**WHAT THE EXERCISE ASKS**: The finished copy must match the records exactly, except that it contains no pictures.

──────────

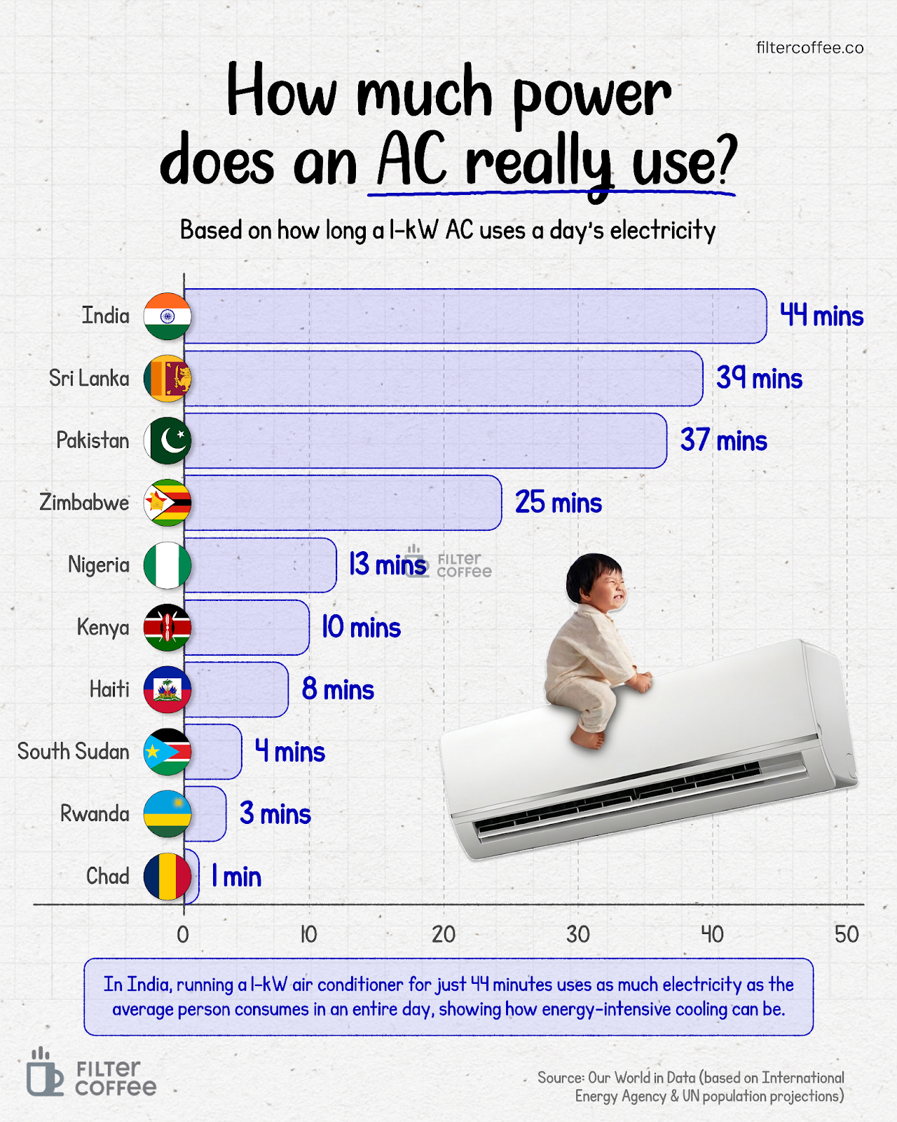 Turns out, your AC is far more power-hungry than you think. In India, running a 1 kW air conditioner for just 44 minutes consumes as much electricity as the average person uses in an entire day. Thatās one of the highest among countries, even above Sri Lanka (39 mins) and Pakistan (37 mins).
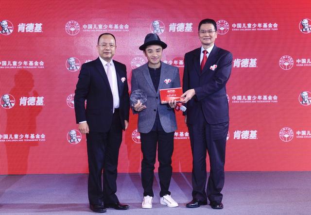 肯德基中國(guó)總經(jīng)理黃進(jìn)栓(右一)、中國(guó)兒童少年基金會(huì)秘書(shū)長(zhǎng)朱錫生(左一),為王祖藍(lán)授予小候鳥(niǎo)基金明星公益大使證書(shū)和獎(jiǎng)杯
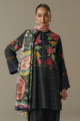 A charcoal shirt inspired by traditional cross-stitch embroidery, paired with matching charcoal trousers for a sleek and cohesive look. The ensemble is brought to life with a bold, colorful paisley shawl that adds vibrance, artistry, and a striking contrast to the deep tones of the outfit.
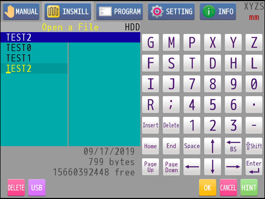 On this panel, touch "NEW" would reset the object schedule, touch "SAVE" would save the schedule to current filename, touch the "OPEN" and "SAVE AS" icons to open the file dialog.
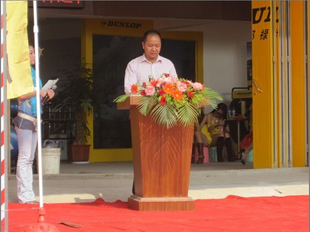 ??????? 2010年11月9日,揭陽市祥運(yùn)輪胎銷售部,作為鄧祿普卡客車輪胎在全國(guó)范圍內(nèi)的第三家旗艦店,舉行了非常盛大的開業(yè)剪彩儀式.住友橡膠(常熟)有限公司企劃營(yíng)業(yè)部津崎正浩部長(zhǎng),鄧祿普卡客車輪胎廣東省,湖南省,海南省(三省)總代理商?hào)|莞市匯福輪胎有限公司總經(jīng)理王連富先生等貴賓參加了此次的開業(yè)慶典.
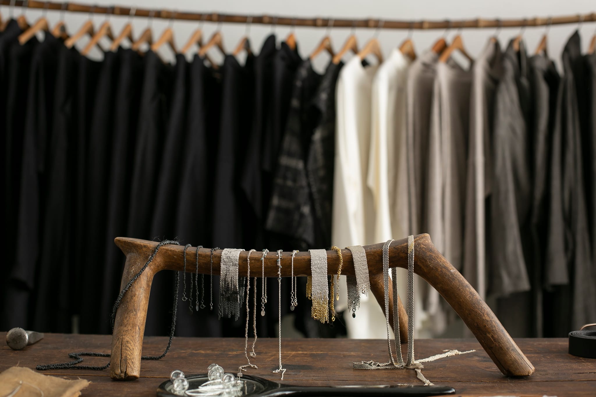 A temporary station in their journey through time, just as the hanging clothes which are destined to travel the world with their future wearers.

──────────

**THE ANSWER**:
 Turns out, your AC is far more power-hungry than you think. In India, running a 1 kW air conditioner for just 44 minutes consumes as much electricity as the average person uses in an entire day. Thatās one of the highest among countries, even above Sri Lanka (39 mins) and Pakistan (37 mins).
 肯德基中國(guó)總經(jīng)理黃進(jìn)栓(右一)、中國(guó)兒童少年基金會(huì)秘書(shū)長(zhǎng)朱錫生(左一),為王祖藍(lán)授予小候鳥(niǎo)基金明星公益大使證書(shū)和獎(jiǎng)杯
 A charcoal shirt inspired by traditional cross-stitch embroidery, paired with matching charcoal trousers for a sleek and cohesive look. The ensemble is brought to life with a bold, colorful paisley shawl that adds vibrance, artistry, and a striking contrast to the deep tones of the outfit.
 On this panel, touch "NEW" would reset the object schedule, touch "SAVE" would save the schedule to current filename, touch the "OPEN" and "SAVE AS" icons to open the file dialog.
 ??????? 2010年11月9日,揭陽市祥運(yùn)輪胎銷售部,作為鄧祿普卡客車輪胎在全國(guó)范圍內(nèi)的第三家旗艦店,舉行了非常盛大的開業(yè)剪彩儀式.住友橡膠(常熟)有限公司企劃營(yíng)業(yè)部津崎正浩部長(zhǎng),鄧祿普卡客車輪胎廣東省,湖南省,海南省(三省)總代理商?hào)|莞市匯福輪胎有限公司總經(jīng)理王連富先生等貴賓參加了此次的開業(yè)慶典.
 A temporary station in their journey through time, just as the hanging clothes which are destined to travel the world with their future wearers.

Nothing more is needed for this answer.